Constraints on Civilian R&D Budgets
From Excessive Pentagon Spending
In December 2015, Congress adopted its Omnibus Budget Bill, appropriating $1.15 trillion for federal spending in the coming budget year. We can take some comfort that the R&D budget increased by 5%. The National Institutes of Health (NIH) budget was increased $2 billion to $32 billion, while NASA’s science budget received a 6.6% increase to $5.6 billion, and the National Oceanic and Atmospheric Administration (NOAA) budget increased 4.4% to $5.77 billion. In a statement released December 17, 2015, the AAAS (American Association for the Advancement of Science) "applauded the high priority that Congress placed on reinvesting in our nation’s innovation system." However, a few sentences later, they stated: "As has been well documented, the United States has fallen behind other nations in the priority it places on R&D, recently ranking 10th among developed nations in R&D investment compared to the size of its economy.” U.S. non-defense R&D has decreased from approximately 0.9% in the 1960s to 0.34% today. [Jeffrey Sachs, The Boston Globe, February 4, 2016.]
Though the negotiations over the budget were widely reported – mostly devoted to the issue of riders that might or might not be appended to the budget (such as defunding Planned Parenthood) – news accounts were generally silent on the most profound aspect, the overall budget priorities.
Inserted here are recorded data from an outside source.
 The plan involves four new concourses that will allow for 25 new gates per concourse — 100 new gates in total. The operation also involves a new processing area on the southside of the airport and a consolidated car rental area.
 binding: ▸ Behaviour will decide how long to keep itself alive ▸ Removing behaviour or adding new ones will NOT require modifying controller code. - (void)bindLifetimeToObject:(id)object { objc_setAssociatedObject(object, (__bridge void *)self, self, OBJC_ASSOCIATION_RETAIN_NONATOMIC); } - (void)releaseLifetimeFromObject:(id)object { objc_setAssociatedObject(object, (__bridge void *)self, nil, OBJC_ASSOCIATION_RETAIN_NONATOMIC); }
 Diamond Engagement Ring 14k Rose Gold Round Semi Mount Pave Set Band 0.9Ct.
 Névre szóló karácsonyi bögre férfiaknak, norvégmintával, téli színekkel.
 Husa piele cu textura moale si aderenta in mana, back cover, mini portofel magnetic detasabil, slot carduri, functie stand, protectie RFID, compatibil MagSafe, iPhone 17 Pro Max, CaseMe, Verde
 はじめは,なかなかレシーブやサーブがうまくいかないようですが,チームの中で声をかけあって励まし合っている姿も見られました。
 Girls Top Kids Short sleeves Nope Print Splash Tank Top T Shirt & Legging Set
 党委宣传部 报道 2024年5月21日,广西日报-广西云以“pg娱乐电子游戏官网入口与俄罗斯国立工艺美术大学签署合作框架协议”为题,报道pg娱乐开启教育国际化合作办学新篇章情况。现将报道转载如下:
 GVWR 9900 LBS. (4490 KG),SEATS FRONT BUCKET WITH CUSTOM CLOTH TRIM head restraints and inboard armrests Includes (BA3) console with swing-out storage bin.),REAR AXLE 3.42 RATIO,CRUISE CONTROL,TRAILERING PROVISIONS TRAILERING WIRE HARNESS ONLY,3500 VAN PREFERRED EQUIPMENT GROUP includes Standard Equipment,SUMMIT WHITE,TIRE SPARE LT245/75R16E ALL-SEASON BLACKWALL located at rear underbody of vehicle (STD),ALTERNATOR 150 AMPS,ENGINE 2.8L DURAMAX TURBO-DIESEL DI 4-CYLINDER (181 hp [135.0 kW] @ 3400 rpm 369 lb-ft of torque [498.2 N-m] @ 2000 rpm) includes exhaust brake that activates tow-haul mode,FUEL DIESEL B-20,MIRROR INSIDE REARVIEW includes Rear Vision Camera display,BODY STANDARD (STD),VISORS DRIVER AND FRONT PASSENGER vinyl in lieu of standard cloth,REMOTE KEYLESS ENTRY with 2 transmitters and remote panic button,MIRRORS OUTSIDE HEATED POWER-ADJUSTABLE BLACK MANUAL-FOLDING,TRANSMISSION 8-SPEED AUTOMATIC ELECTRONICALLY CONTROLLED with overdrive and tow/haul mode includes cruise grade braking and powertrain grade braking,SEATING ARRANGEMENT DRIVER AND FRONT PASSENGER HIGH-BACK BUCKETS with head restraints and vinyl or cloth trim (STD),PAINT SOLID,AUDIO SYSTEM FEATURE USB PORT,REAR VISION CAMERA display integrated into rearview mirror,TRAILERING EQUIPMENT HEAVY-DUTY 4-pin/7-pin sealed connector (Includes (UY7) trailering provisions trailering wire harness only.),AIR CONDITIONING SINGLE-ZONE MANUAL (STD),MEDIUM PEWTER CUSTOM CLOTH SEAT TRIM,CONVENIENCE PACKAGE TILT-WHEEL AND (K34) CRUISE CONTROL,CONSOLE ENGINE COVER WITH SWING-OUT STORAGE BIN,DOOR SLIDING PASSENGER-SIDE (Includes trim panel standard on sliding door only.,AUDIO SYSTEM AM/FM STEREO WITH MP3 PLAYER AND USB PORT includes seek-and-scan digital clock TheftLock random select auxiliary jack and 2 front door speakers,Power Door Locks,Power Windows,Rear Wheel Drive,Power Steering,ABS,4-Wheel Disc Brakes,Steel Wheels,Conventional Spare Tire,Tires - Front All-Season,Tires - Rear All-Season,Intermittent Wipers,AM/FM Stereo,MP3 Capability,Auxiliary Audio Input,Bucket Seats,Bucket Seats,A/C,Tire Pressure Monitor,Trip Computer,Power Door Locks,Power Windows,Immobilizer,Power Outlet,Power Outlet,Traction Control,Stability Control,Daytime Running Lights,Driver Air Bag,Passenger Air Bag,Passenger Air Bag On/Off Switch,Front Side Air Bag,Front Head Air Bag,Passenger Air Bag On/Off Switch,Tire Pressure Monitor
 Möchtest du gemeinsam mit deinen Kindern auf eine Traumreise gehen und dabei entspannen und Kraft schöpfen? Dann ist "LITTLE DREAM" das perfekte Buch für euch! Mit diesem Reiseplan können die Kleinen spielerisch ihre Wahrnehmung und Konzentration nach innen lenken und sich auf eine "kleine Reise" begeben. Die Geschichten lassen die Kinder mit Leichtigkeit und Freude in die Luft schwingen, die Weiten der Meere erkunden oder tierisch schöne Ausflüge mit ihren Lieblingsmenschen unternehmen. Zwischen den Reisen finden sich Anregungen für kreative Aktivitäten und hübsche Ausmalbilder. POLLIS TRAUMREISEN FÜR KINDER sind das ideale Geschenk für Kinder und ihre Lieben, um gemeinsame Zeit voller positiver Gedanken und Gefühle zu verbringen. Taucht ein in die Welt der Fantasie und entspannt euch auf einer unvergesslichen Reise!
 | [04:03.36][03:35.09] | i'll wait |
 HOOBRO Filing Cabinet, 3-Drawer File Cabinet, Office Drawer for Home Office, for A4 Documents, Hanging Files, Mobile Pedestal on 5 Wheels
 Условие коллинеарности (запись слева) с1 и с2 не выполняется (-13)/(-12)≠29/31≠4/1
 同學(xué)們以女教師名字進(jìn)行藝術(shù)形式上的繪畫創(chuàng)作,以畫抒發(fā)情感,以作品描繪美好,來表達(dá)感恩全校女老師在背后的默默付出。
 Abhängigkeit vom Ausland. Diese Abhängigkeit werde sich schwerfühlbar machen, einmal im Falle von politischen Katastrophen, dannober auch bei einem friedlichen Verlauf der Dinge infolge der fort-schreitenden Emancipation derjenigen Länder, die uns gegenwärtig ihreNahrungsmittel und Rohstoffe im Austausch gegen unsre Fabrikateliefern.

In fact, more than $600 billion, about 55% of the total Congressional discretionary budget – our tax dollars – was appropriated for Pentagon spending and weapons procurement, including DOE (Department of Energy) nuclear weapons, and the Overseas Contingency Operations Account.
R&D funds are the engine driving scientific and engineering research and higher education in our research universities and medical schools. They provide on the order of $460 million to MIT’s operating budget, about 66% of the total (see
) financing our research equipment, materials and supplies, publications, research assistants, postdoctoral fellows, and general operating overhead. Given their long-term importance, projecting necessary investments in R&D, technological innovation, and higher education, requires carefully assessing the balance between our military and civilian expenditures. We offer examples below indicating that this balance has shifted too far to the military side. We would have a healthier society, stronger economy, and a less dangerous international policy if we reduced the 55% of our discretionary budget going to the Pentagon, in part by spending less on nuclear weapons, and increasing spending on civilian needs and programs.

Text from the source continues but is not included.